La escuela traía, de suyo, más concentración y más disciplina pero otros placeres. Y sobre todo la sonrisa ancha de la señorita Lidia, con esa trenza tan rubia.
La señorita Lidia era rosarina y vivía en época de clases en la casa de los Juárez, es decir de doña Blanquita y don Laureano.
La señorita Lidia compartía su habitación con una mujer delgada, alta, que tenía la nariz imperceptiblemente en gancho, se peinaba con rodete y era de Venado Tuerto. La señorita Carolina se llamaba, y murió muy joven. No llegó a ser mi maestra porque ella daba en sexto y yo apenas estaba en primer grado y mi maestra era su amiga, la inefable señorita Lidia, quien el primer día de clase nos esperaba en la puerta de la escuela, para darnos la bienvenida.

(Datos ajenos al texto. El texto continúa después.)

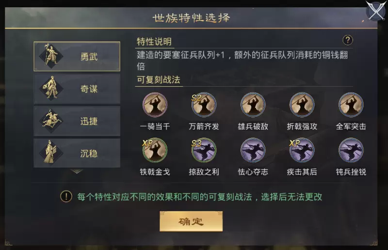 此外,相比于过往,“世族”相关系统也充分尊重了不同世族群体间的多样性,在“世族特性”维度设计了多种特性供玩家选择,一方面使各个“世族小团体”都能依据各自喜好形成不同的特点与搭配思路;另一方面,百花齐放的世族特性也使世族间的战争更具策略性。
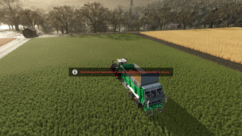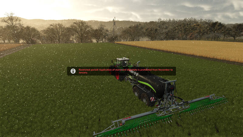 If a player attempts to use a slurry tanker or manure spreader during these restricted periods, the action is blocked, and a warning message such as "Restricted Period!" or "Ground Frost!" is displayed.
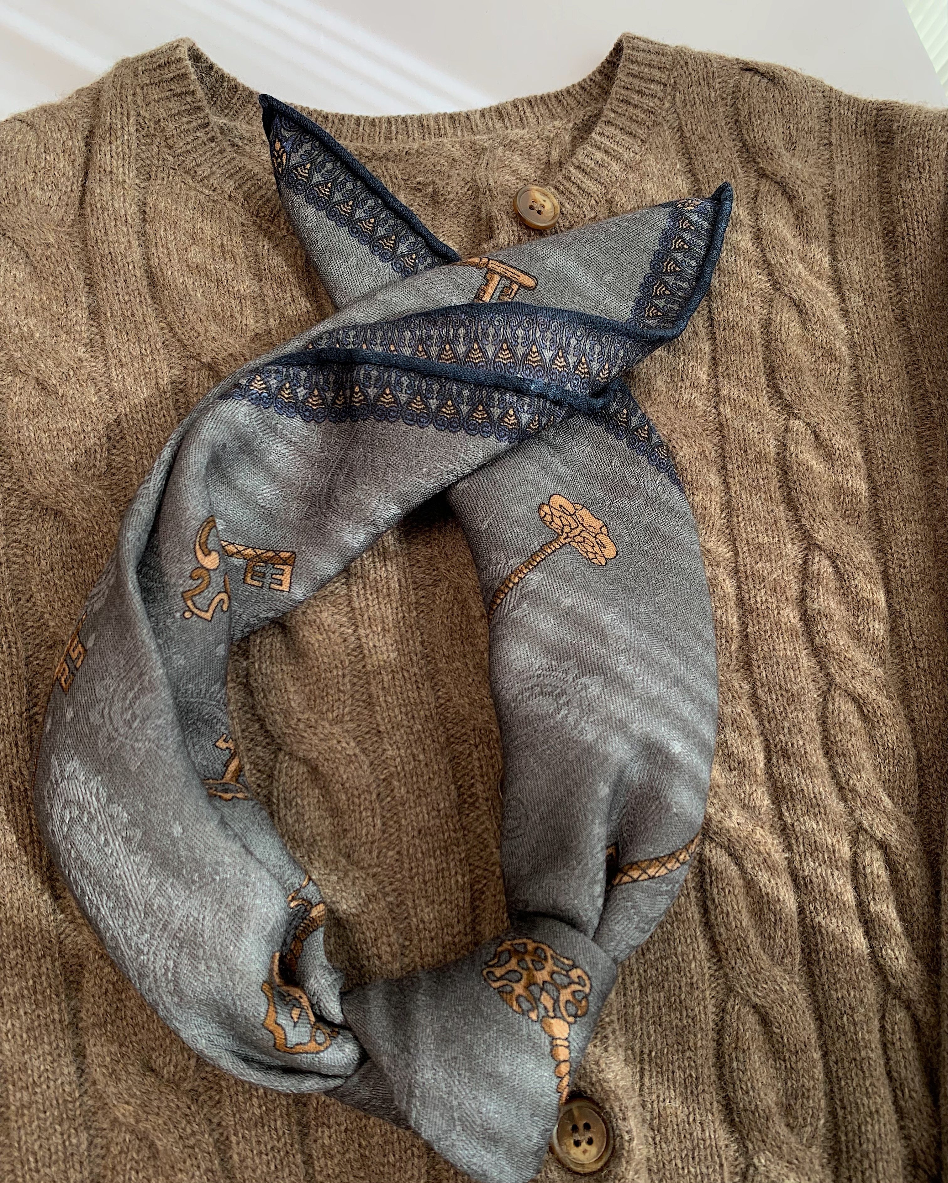 淘宝金钥匙 质感满满佩斯利提花丝羊毛围巾 时髦灰百搭丝巾女63CM方巾
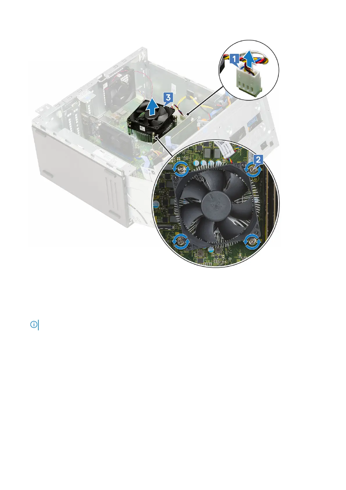 3. Connect the heatsink fan assembly cable from the connector on the system board [3].
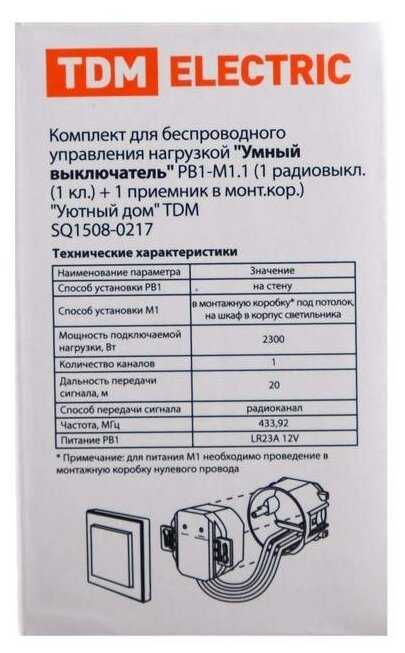 Характеристи TDM ЕLECTRIC Умный РВ1-М1.1 Уютный дом (SQ1508-0217)

Como yo empecé mucho más tarde tuve el privilegio de ser ese día el único a quien ella dio un beso en la mejilla, me tomó de la mano y me introdujo por esa puerta de arcos altos que todavía existe, y me llevó a través de aquella galería de grandes ventanales con vidrios amarillos y verdes hasta el salón donde un tumulto de niños de mi edad se corrían entre los bancos y los pupitres. Allí fui presentado, pese a que a muchos conocía porque eran de mi barrio.

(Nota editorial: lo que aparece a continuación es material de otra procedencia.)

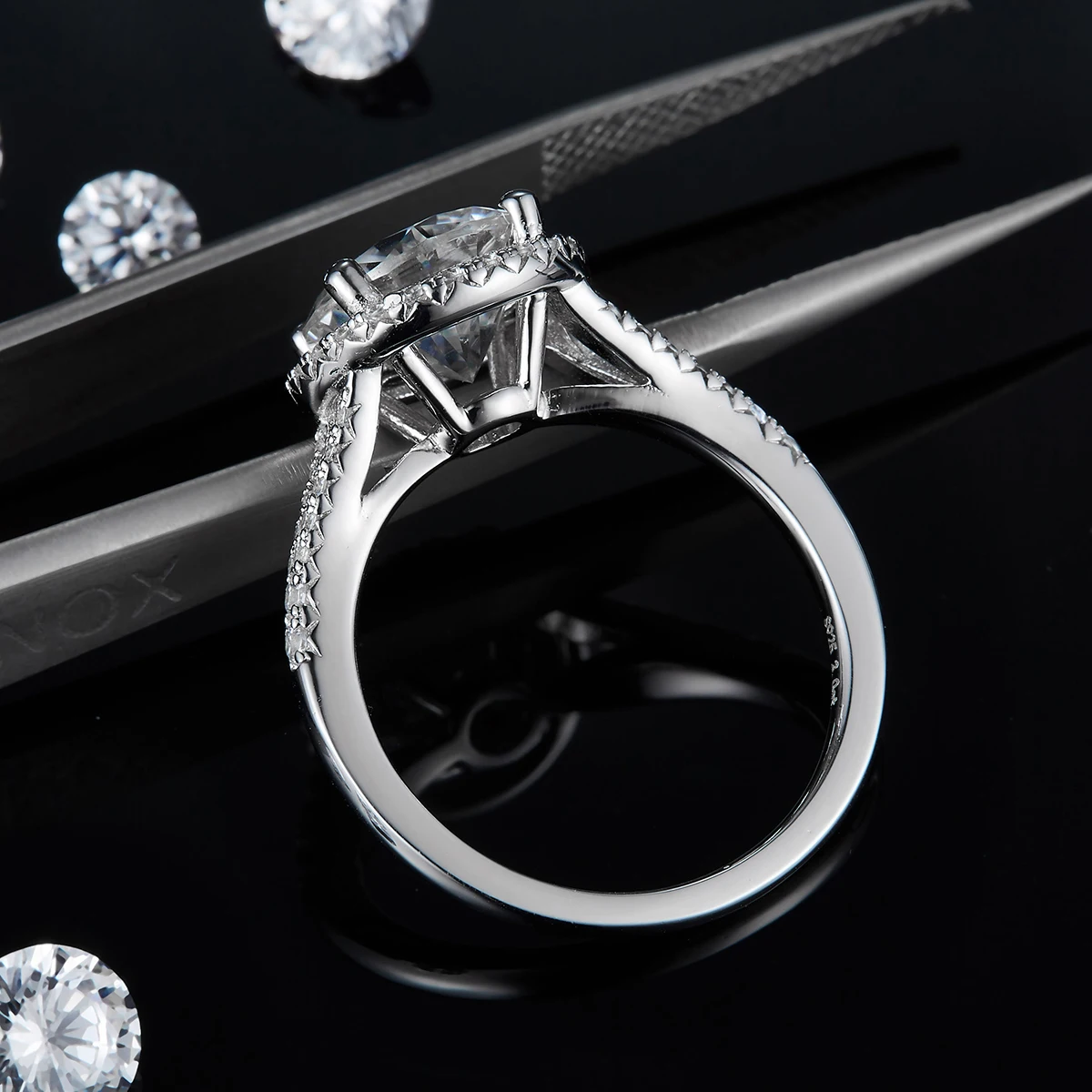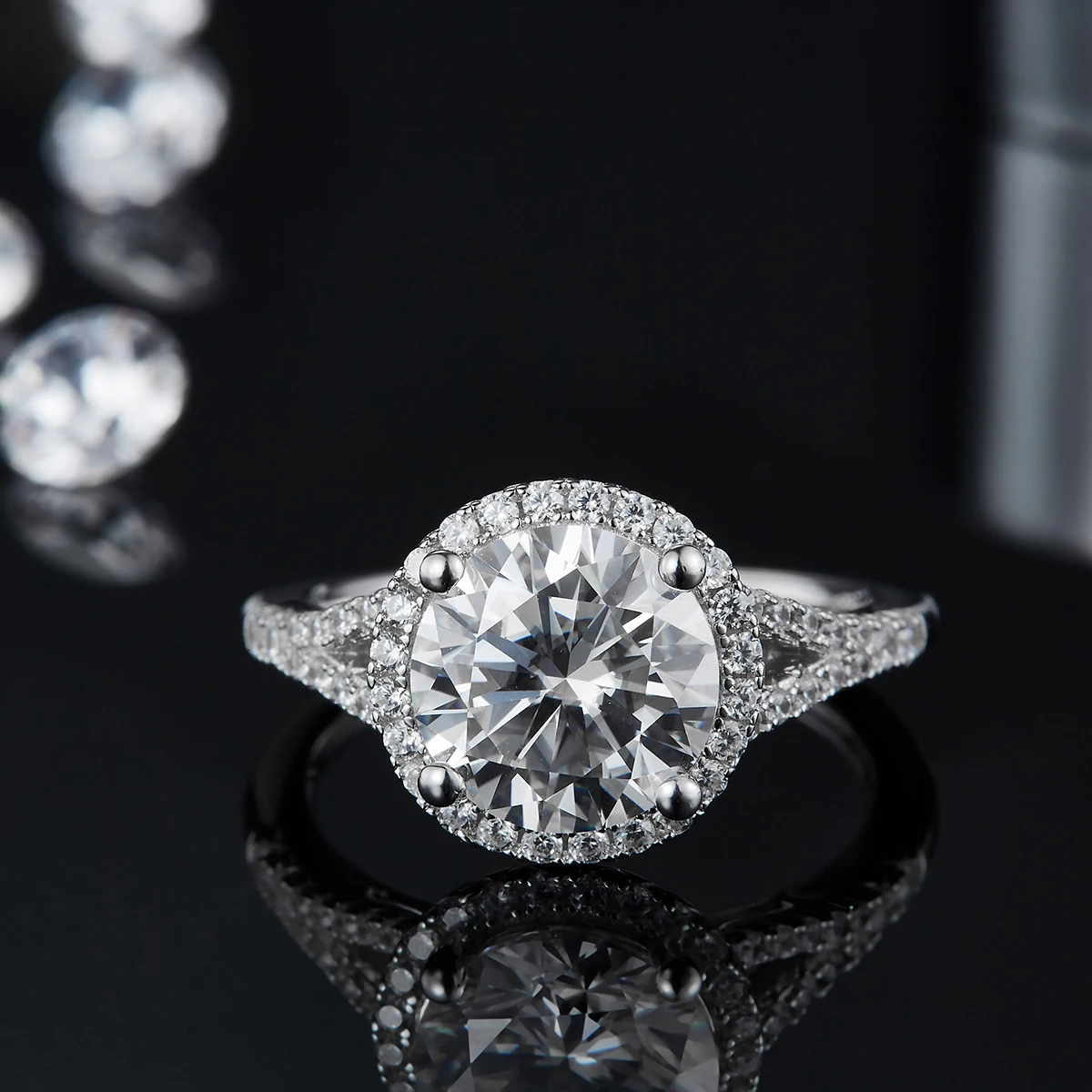 *** Примечание: Moissanite D цвет. Только основной камень-моиссанит, другие-циркон. 1.5ct Муассанит является 7,5 мм, 2ct Муассанит составляет 8 мм. 3Ct moissanite 9 мм.

Durante todo ese año ella estuvo a mi lado, al menos eso siempre sentí, que era su único alumno, y de los grandes bolsillos de su guardapolvo impecablemente blanco y almidonado ella sacaba una gran goma con la cual disimulaba mis torpezas traslucidas en manchas oprobiosas que me ponían tan en desventaja frente a varios compañeros míos, muy prolijos. Esa no era mi virtud pero trataba de recomponer mi imagen al desorden con mis aplicadas dotes de lector, tratando de pronunciar con exactitud cada palabra nueva que aprendía.
Nunca fui de los primeros ni tampoco de los últimos, y trataba portarme bien para que las quejas no fueran a mi padre, quien como todos en aquella época era muy severo. No siempre lo conseguía pero donde sí era el primero era en correr hacia el patio, en el campanazo del recreo para jugar ese partido breve con la pelota de trapo, que pese a su aparente inocencia también rompía de vez en cuando algún vidrio.

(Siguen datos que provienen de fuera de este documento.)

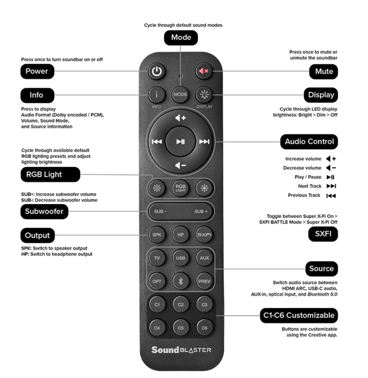 - Công nghệ âm thanh: Super X-Fi, Sound Blaster Acoustic Engine, SXFI BATTLE Mode, Scout Mode, Giải mã Dolby Digital
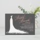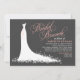 Um convite encantador para o brunch de noiva com um vestido de noiva branco fluído com trabalho de florais delicados e acentos de borboleta em um fundo carvão. A caligrafia bege rosa suave define um tom quente e romântico para a celebração. O título "Brunch de Noiva" é totalmente editável junto com todos os detalhes do evento. O verso apresenta um padrão de borboleta bege rosa coordenado.
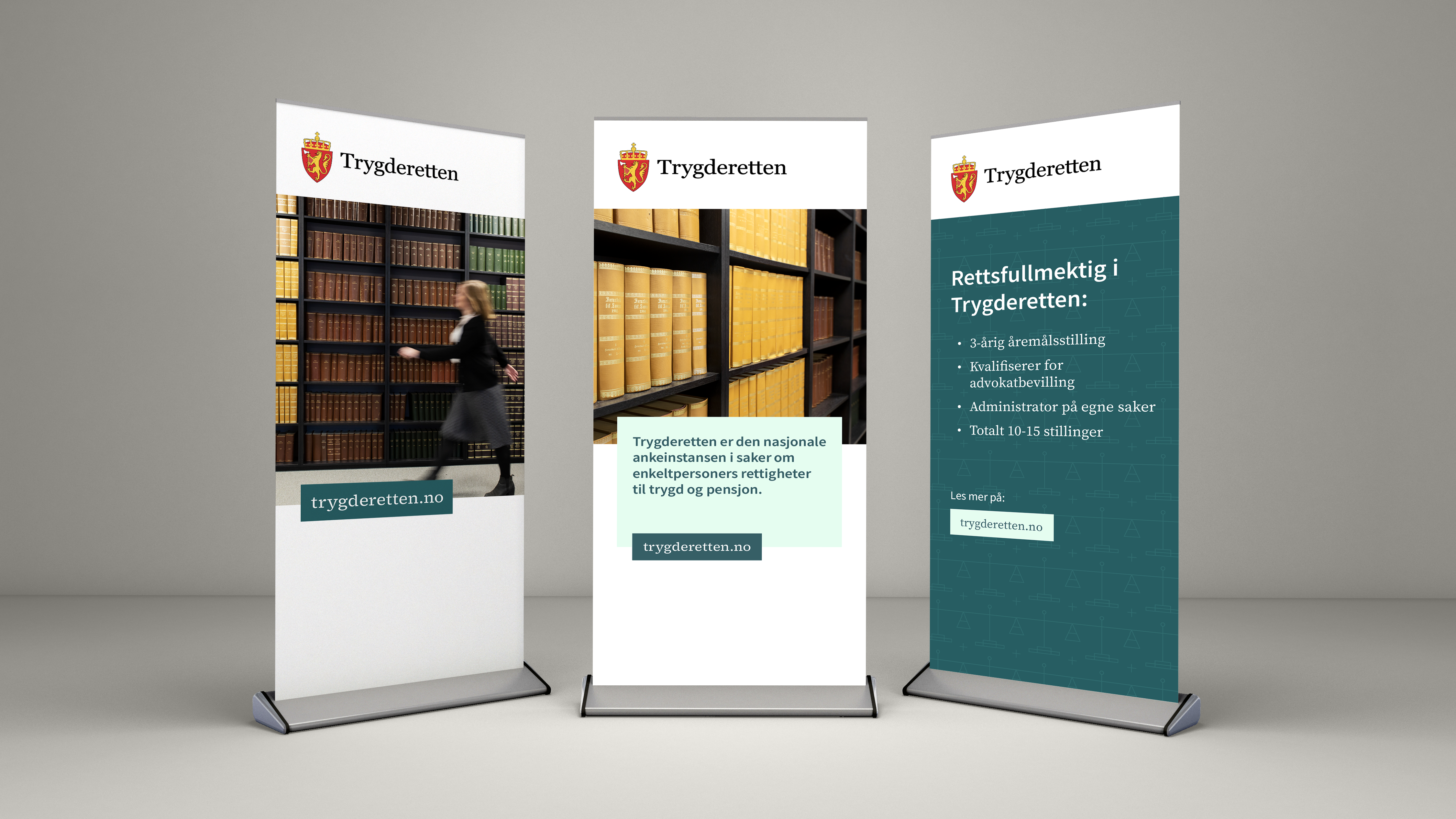Det er laget tre ulike rollup-maler for Trygderetten. Én med kun bilde og url, én med bilde og noen linjer om Trygderetten, og en til stillingsutlysning. Disse malene er laget i InDesign, og kan endres der til å passe andre budskap.
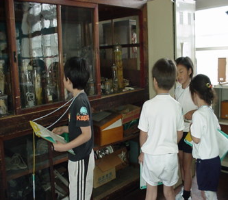 りかしつ りかしつのとだなには、1ねんせいがきょうみしんしんのものがたくさんあります。みたいけれど、こわい。こわいけれど、みたい。それは、ひょうほんです!さる、へび、かえる、・・・。またまた、じんたいもけい。がっこうにはこんなへやがあったんだね。 |
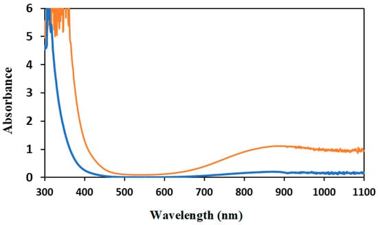 On the right part of the visible spectrum, recorded with our more concentrated solution (Figure 6), are two broad peaks, one at 866 nm and a second one at 930 nm. It was observed that there was an exchange of ligands from water to ethanol, as detailed in Figure S2. Two distorted octahedral Cu(II) complexes are observed and assigned to trans and cis complexes of Cu(II), containing two ethanol and four water molecules. These species correspond to an axially distorted octahedral field in the visible spectrum that gives an averaged maximum at 866 nm. There is also a broad absorption observed at 930 nm on the spectrum of the most concentrated solution (Figure 7 and Figure 8). Because of its position, this signal is attributed to Cu(I) species, possibly grafted on the graphene surface. They are stable in oxidation by oxygen molecules. Some protection by the solvent is necessary to explain their stability. Similar kinds of Cu species, grafted on C vacancies of carbon species on solid carbon diamonds, have been evidenced very recently []. They were investigated by demanding and expensive methods, EXAFS-XANES XANES [], but also by less expensive operando IR measurements []. Here, we selected to use UV–visible–NIR spectroscopy.
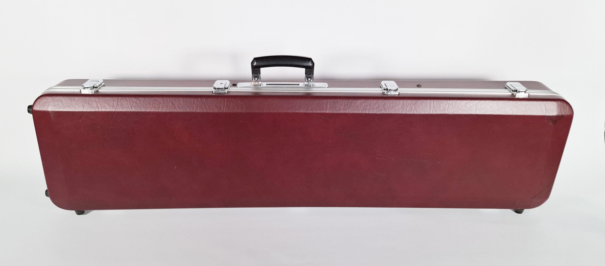 This hardcase is extra slender and looks super sleek. If you love red, this might be the perfect case for you ๐Ÿ™‚ It’s red inside and outside! It’s a super cool model and it is sturdy and reliable while looking modern and effortless. It also has feet on the short side so you can safely store it in an upright position. It hasย a very spacious compartment on the inside to hold all your sheet music and accessories, plus a snack or two!ย There’s subtle black smudges on the outside corners (see photos) that probably come off with some rubbing!

En ese edificio querido hoy funciona el Jardín de Infantes que no existía en mis tiempos de niño. Se cambiaron las tejas del techo por unas de chapa. Las tejas eran rojas, el nuevo fue pintado de verde. Tiene baños nuevos, a los vidrios de la galería los suplantó unas paredes que pintaron de blanco, pero los plátanos aquellos siguen en pie y las moreras que usábamos como arcos para jugar el fútbol, también. Ese patio de césped contra la cortada Pascual Echagüe y la placita Sarmiento está igual. El frente que da al Club tiene unas inmensas lajas nuevas donde nosotros hacíamos la huerta y se me hace que el mástil es el mismo. No quedan las plantas de níspero en la casa de la directora, sobre la cortada Mariano Vera.
Tampoco quedarán muchas personas que recuerden a esas dos maestras jóvenes -Lidia y Carolina- que en los recreos iban caminando, tomadas del brazo desde la puerta de entrada hasta la puerta del edificio, confesándose sus cuitas, mientras el bullicio de los alumnos con sus gritos y sus corridas se mezclaba con el canto de las tacuaritas y las calandrias y el arrullo de las torcazas, que hacían sus nidos en esos ceibos que los años se llevaron para siempre.